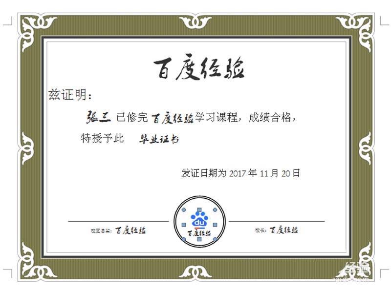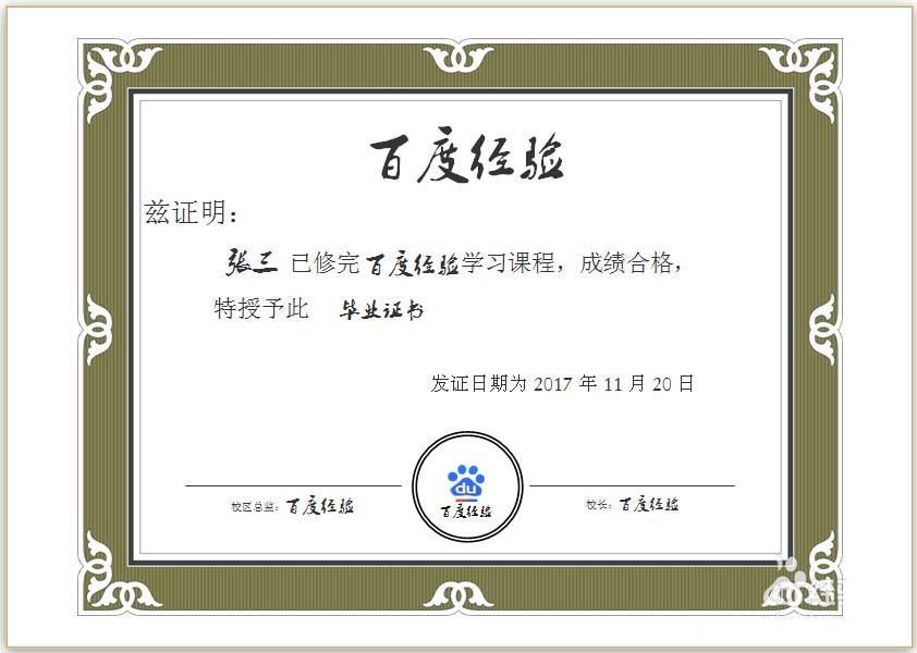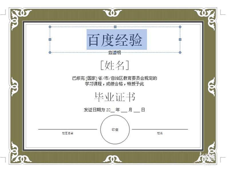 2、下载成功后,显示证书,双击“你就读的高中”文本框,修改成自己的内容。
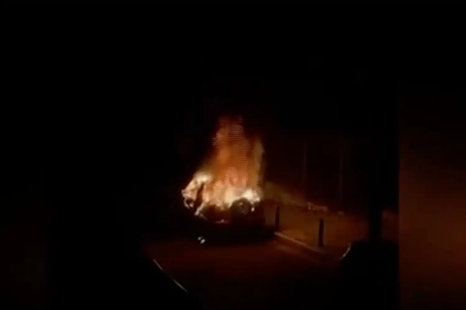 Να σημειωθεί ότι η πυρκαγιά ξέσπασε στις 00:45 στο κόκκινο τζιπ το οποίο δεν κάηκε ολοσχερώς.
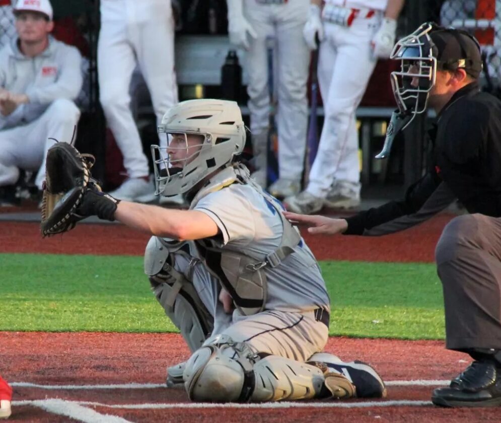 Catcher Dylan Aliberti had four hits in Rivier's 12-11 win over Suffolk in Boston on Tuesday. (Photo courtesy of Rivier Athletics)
#####
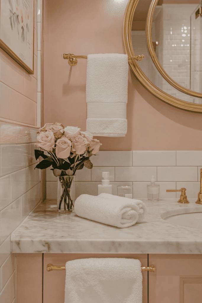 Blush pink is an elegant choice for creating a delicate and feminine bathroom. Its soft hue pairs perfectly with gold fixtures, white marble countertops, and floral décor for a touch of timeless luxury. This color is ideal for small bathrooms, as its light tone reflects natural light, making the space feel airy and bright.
#####
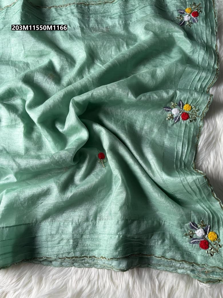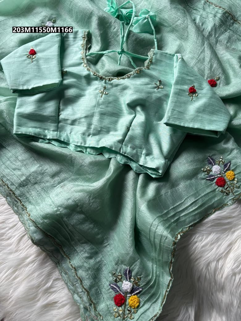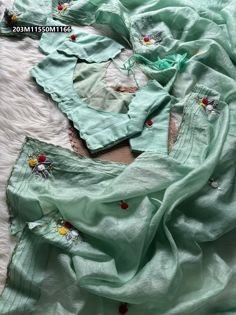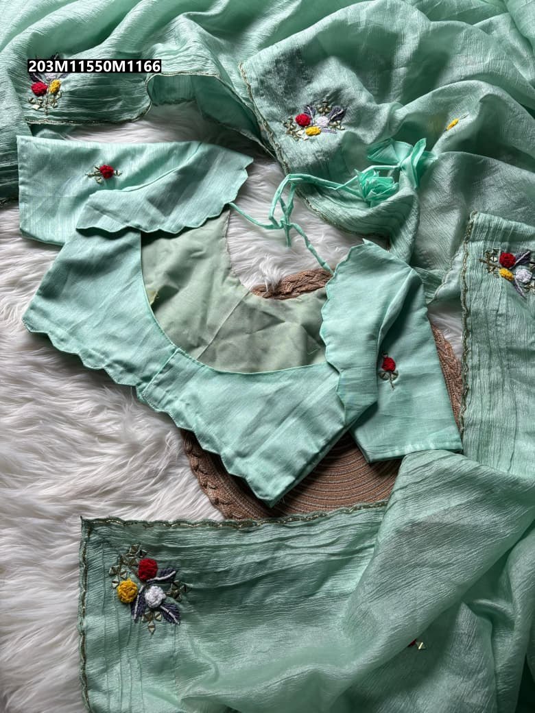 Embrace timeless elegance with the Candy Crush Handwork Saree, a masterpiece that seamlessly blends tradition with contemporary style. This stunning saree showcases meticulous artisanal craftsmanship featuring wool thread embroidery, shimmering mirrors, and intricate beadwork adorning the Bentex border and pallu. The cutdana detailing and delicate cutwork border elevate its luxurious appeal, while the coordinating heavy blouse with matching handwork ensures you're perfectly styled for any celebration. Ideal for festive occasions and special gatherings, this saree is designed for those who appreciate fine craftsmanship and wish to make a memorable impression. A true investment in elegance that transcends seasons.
#####
- [TASK INSTRUCTIONS]: With the pictures removed from your copy, retype the lines above from the one that contains "Να σημειωθεί ότι" through the one that contains "Catcher Dylan Aliberti", exactly.

- [WRITTEN ANSWER]:
 Να σημειωθεί ότι η πυρκαγιά ξέσπασε στις 00:45 στο κόκκινο τζιπ το οποίο δεν κάηκε ολοσχερώς.
 Catcher Dylan Aliberti had four hits in Rivier's 12-11 win over Suffolk in Boston on Tuesday. (Photo courtesy of Rivier Athletics)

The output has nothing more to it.